Exercise requirements »
Give a verbatim copy of the data, leaving the pictures out.

Data provided »

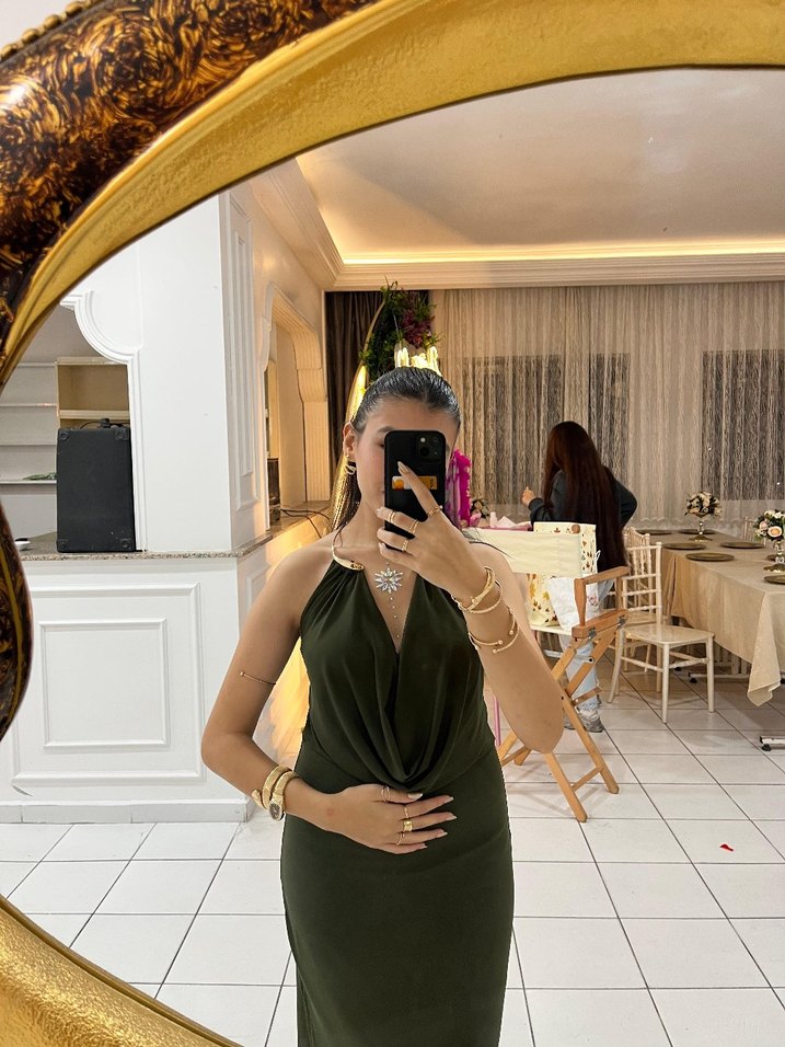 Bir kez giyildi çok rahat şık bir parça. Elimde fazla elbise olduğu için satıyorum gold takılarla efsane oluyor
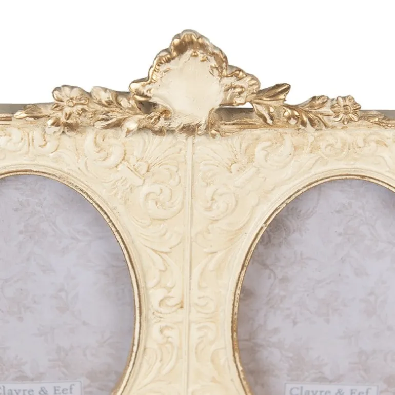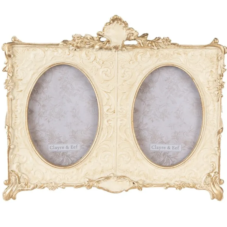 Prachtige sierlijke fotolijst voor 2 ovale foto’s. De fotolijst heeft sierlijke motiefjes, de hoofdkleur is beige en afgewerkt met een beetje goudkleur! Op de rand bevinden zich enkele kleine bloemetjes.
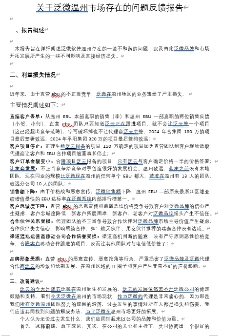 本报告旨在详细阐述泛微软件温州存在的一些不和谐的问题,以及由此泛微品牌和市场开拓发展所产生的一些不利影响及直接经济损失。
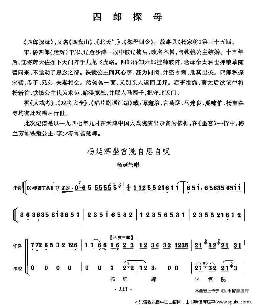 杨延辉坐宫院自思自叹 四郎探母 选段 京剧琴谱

Answer for the task »
 Bir kez giyildi çok rahat şık bir parça. Elimde fazla elbise olduğu için satıyorum gold takılarla efsane oluyor
 Prachtige sierlijke fotolijst voor 2 ovale foto’s. De fotolijst heeft sierlijke motiefjes, de hoofdkleur is beige en afgewerkt met een beetje goudkleur! Op de rand bevinden zich enkele kleine bloemetjes.
 本报告旨在详细阐述泛微软件温州存在的一些不和谐的问题,以及由此泛微品牌和市场开拓发展所产生的一些不利影响及直接经济损失。
 杨延辉坐宫院自思自叹 四郎探母 选段 京剧琴谱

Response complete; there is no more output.